The next day his girlfriend notified me of his death. He had gone into a coma from which he never awakened at precisely the time I was sitting in the restaurant. I later learned that two other friends of his had had similar experiences at around the same time.
The other experience involved my father. He was dying of cancer of the esophagus, and we had arranged part-time hospice care, with a worker spending time at my parent's home. The worker told me that my coming to visit him so much was making him hang on, and therefore suffer more, and it would be better for him if I stopped coming. (People have told me since that they find this horrifying, but my gut feeling at the time was that she was right, though it was painful to hear). My mother, meanwhile, was preoccupied with the idea that he'd die in the house, and then she'd have to live there with that memory.

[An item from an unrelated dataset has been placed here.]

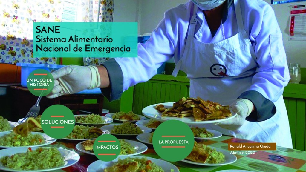 Basado en estas experiencias de carácter nacional y por la expansión de la actual pandemia, proponemos un sistema de asistencia alimentaria, que tenga por objetivo que la gente no salga a buscar sus alimentos, sino que los alimentos vayan donde ellos. El Sistema Alimentario Nacional de Emergencia (SANE) busca además que se activen actores de la producción claves: La pequeña y mediana agricultura, la pequeña y mediana ganadería, la pesca artesanal con el fin de asegurar la alimentación en los pobladores de las ciudades, produciendo con estándares de cumplimiento riguroso para una producción libre de coronavirus.

When I got back to Harrisburg my friend Beverly called me, all excited because a friend of hers was visiting from England. This friend, whose name was Rachel, claimed to be a medium. She'd come to do a "platform demonstration" at a New Age conference at a local hotel. I met her because she was Bev's friend, and had my reservations about her credibility -- but found her charming and warm. I told Bev about the situation with my father and the hospice worker, and Rachel said, "did you tell your father that it was all right for him to go -- that you'd be okay?" I said no, and wondered aloud if I should go down there again to do so, because it sounded like a good idea. Rachel said, "No, don't do that. Just think about your father tonight, before you go to sleep. When you're asleep I'll come and get you, and we'll go see your father."
I did as she said. I don't remember having any dreams that night. The next day I learned that my father had taken a turn for the worse during the night, and had died in the ambulance on the way to the hospital, leaving my mother in a way she could at least handle. I guess when we "went to get him" I must have mentioned my mom's fears, too.
Anyway, those are my stories. I'm always curious to hear the stories of others.